▸ **WHAT TO DO**
Every line of the data below is to be duplicated exactly, pictures excepted.

▸ **DATA SECTION**
»»

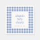 Un patrón clásico de chequeo de gingham azul enmarca un rectángulo blanco con esquinas redondeadas y un delgado borde azul, con el nombre de la futura madre y las palabras "baby ducha" en una tipografía encantadora de color azul. Agregue la fecha siguiente en el tipo de letra gris sans serif. Ideal para la ducha de bebé de un niño.
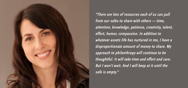 “除了生活给予我的财富外,我还有不成比例的资金可供分享。我将继续保持对慈善事业的关注,这需要时间、精力和关心。我会一直坚持下去,直到保险箱空了。”麦肯齐在声明中宣布,她已签署“捐赠承诺”,承诺在有生之年或去世之后,将资产中的一半,捐赠给慈善机构。
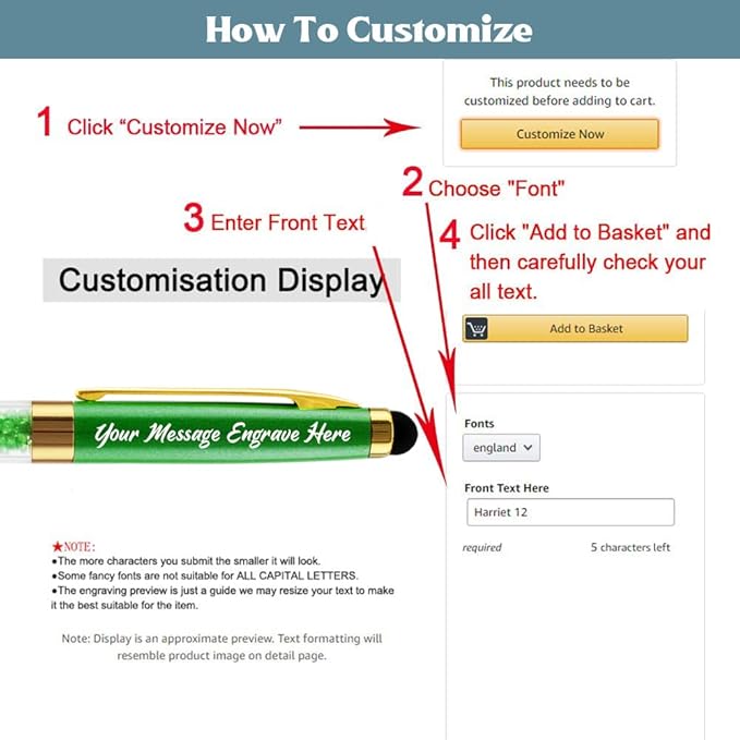 - FREE PERSONALIZATION You can have up to 40 characters (including spaces) on each line, up to 2 customized lines are free. we use laser engraving technology to engrave the text on the pen without fading. As long as you click the "Customize" option, you can easily customize it. Beautiful appearance, suitable for gift.

««

▸ **WRITTEN SOLUTION**
 Un patrón clásico de chequeo de gingham azul enmarca un rectángulo blanco con esquinas redondeadas y un delgado borde azul, con el nombre de la futura madre y las palabras "baby ducha" en una tipografía encantadora de color azul. Agregue la fecha siguiente en el tipo de letra gris sans serif. Ideal para la ducha de bebé de un niño.
 “除了生活给予我的财富外,我还有不成比例的资金可供分享。我将继续保持对慈善事业的关注,这需要时间、精力和关心。我会一直坚持下去,直到保险箱空了。”麦肯齐在声明中宣布,她已签署“捐赠承诺”,承诺在有生之年或去世之后,将资产中的一半,捐赠给慈善机构。
 - FREE PERSONALIZATION You can have up to 40 characters (including spaces) on each line, up to 2 customized lines are free. we use laser engraving technology to engrave the text on the pen without fading. As long as you click the "Customize" option, you can easily customize it. Beautiful appearance, suitable for gift.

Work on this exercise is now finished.